When non-compliance is identified, the OQLF typically issues a notice requiring the business to correct the issue within a defined timeframe. Failure to correct can result in formal sanctions, including fines, public listings of non-compliant businesses, and in serious cases, restrictions on commercial activity in Quebec.
Practical Steps for Businesses Entering or Expanding in Quebec
Businesses preparing to enter the Quebec market or expand their Quebec operations should approach OQLF compliance methodically. The following steps address the most common obligations and help businesses avoid the typical compliance gaps that trigger OQLF action.
- Audit your current French-language footprint: identify which of your current materials, communications, contracts, and digital platforms are already available in French, and which require translation to meet Quebec obligations.
- Plan for employment and HR documentation: if you employ or plan to employ Quebec residents, ensure that employment contracts, employee handbooks, workplace policies, and HR communications are available in French. For businesses approaching the 25-employee threshold, plan for the broader francisation program requirements that will apply.
- Address consumer-facing materials early: signage, packaging, websites, and advertising materials are the most visible compliance dimensions and the most likely to trigger consumer complaints. Address these before launching commercial activity in Quebec rather than retroactively.
- Translate contracts of adhesion and customer-facing legal documents: any standard contract presented to Quebec consumers must be available in French, and the quality of translation has direct legal consequences. Generic translation work is not sufficient for these documents. Trust our French legal translation company for your project.
- Establish ongoing translation capacity: OQLF compliance is not a one-time project but an ongoing operational requirement. New materials, updated policies, recurring communications, and new product launches all generate new translation needs that must be addressed continuously.
- Coordinate with specialized translation partners: Quebec French has its own conventions, terminology, and regulatory expectations that differ from European French and from generic Canadian French. Partnering with a translation agency specialized in Quebec French and familiar with the OQLF framework is significantly more efficient than working with generalist providers unfamiliar with the regulatory context.
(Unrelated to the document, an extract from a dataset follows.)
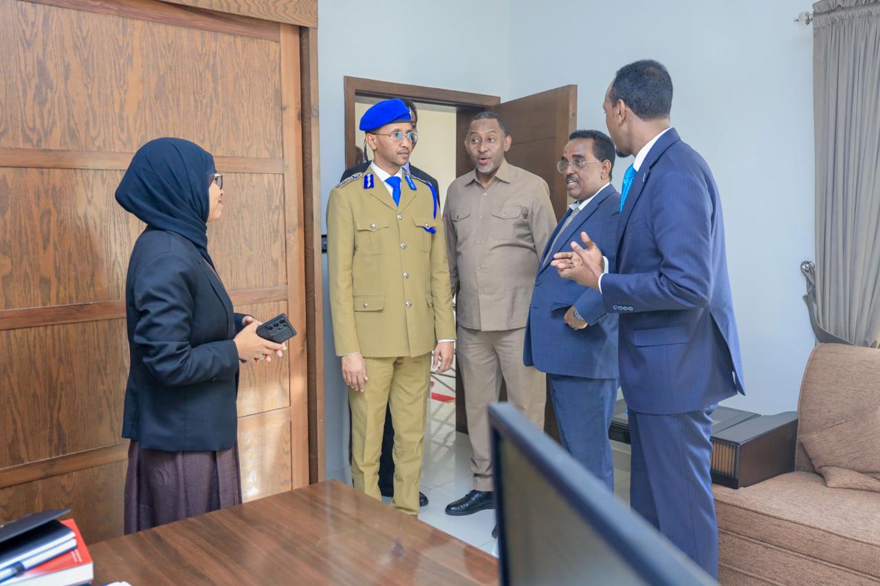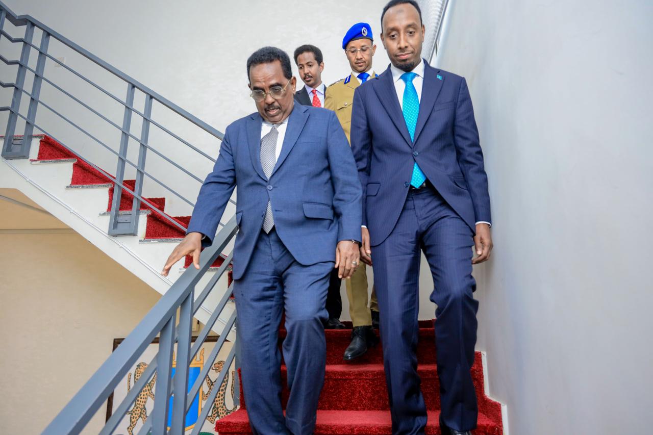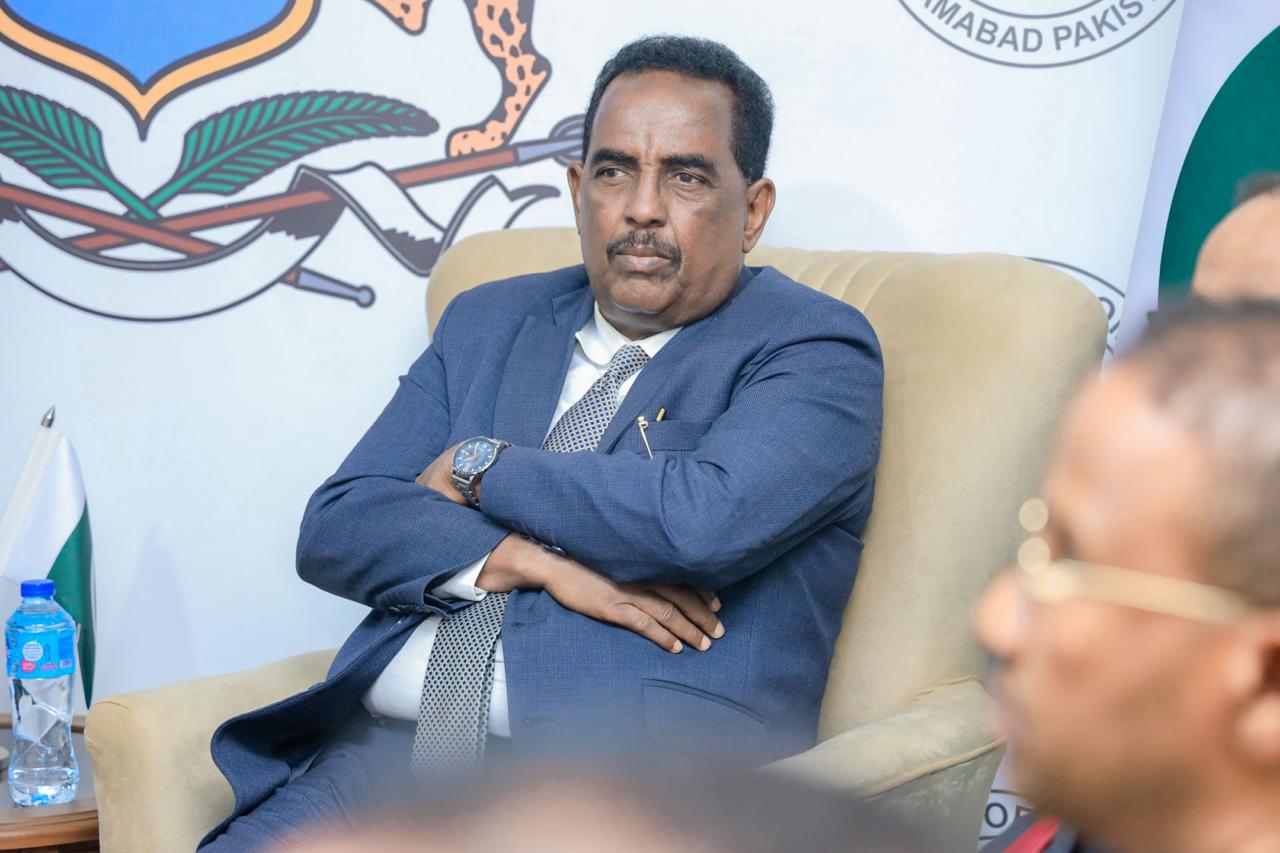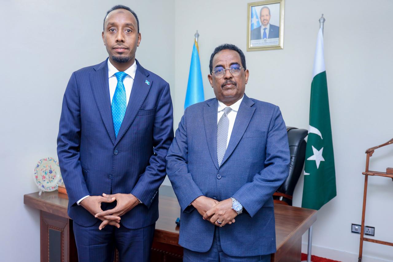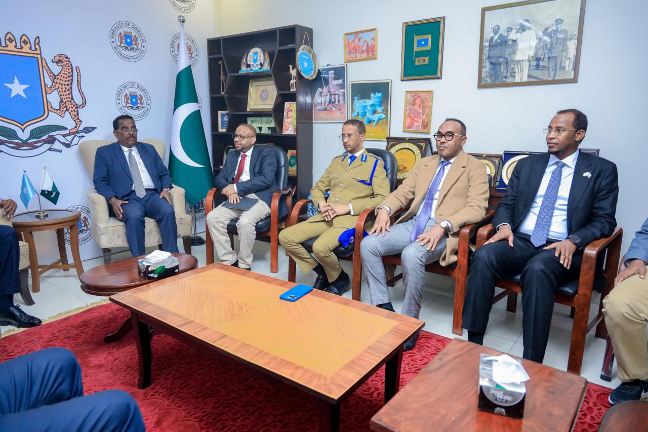 This afternoon, the Minister of Interior, Federal Affairs, and Reconciliation, H.E. Ali Yusuf Ali Hosh paid a courtesy visit to the Embassy of the Federal Republic of Somalia in Islamabad during his official visit to the Islamic Republic of Pakistan.

How Frenchside Supports OQLF Compliance
Frenchside is a specialized Canadian French translation agency built around the operational demands of Quebec compliance. Since 2014, we have supported Canadian and international businesses with the translation work needed to meet OQLF obligations across employment documentation, customer-facing materials, contracts, packaging, and digital interfaces.
Our team includes native Canadian French and Quebec French translators with direct experience in the OQLF framework, the Charter of the French Language, and Bill 96 obligations. We maintain dedicated translation memory and terminology databases for Quebec compliance projects, ensuring consistency across multiple documents and ongoing client relationships. Every translation passes through a 100 percent internal revision workflow, with a second certified linguist verifying accuracy, terminology alignment, and regulatory expectations.
For businesses navigating OQLF compliance, whether starting their Quebec expansion, adapting to the new 25-employee threshold under Bill 96, or maintaining ongoing compliance after certification, Frenchside provides the specialized translation capacity required at each stage of the process.
Disclaimer: This article provides general information about OQLF requirements to help businesses understand their potential obligations. It does not constitute legal advice. For specific legal questions about your compliance obligations, please consult a Quebec-licensed attorney specialized in language law and commercial regulation, or a certified francisation consultant.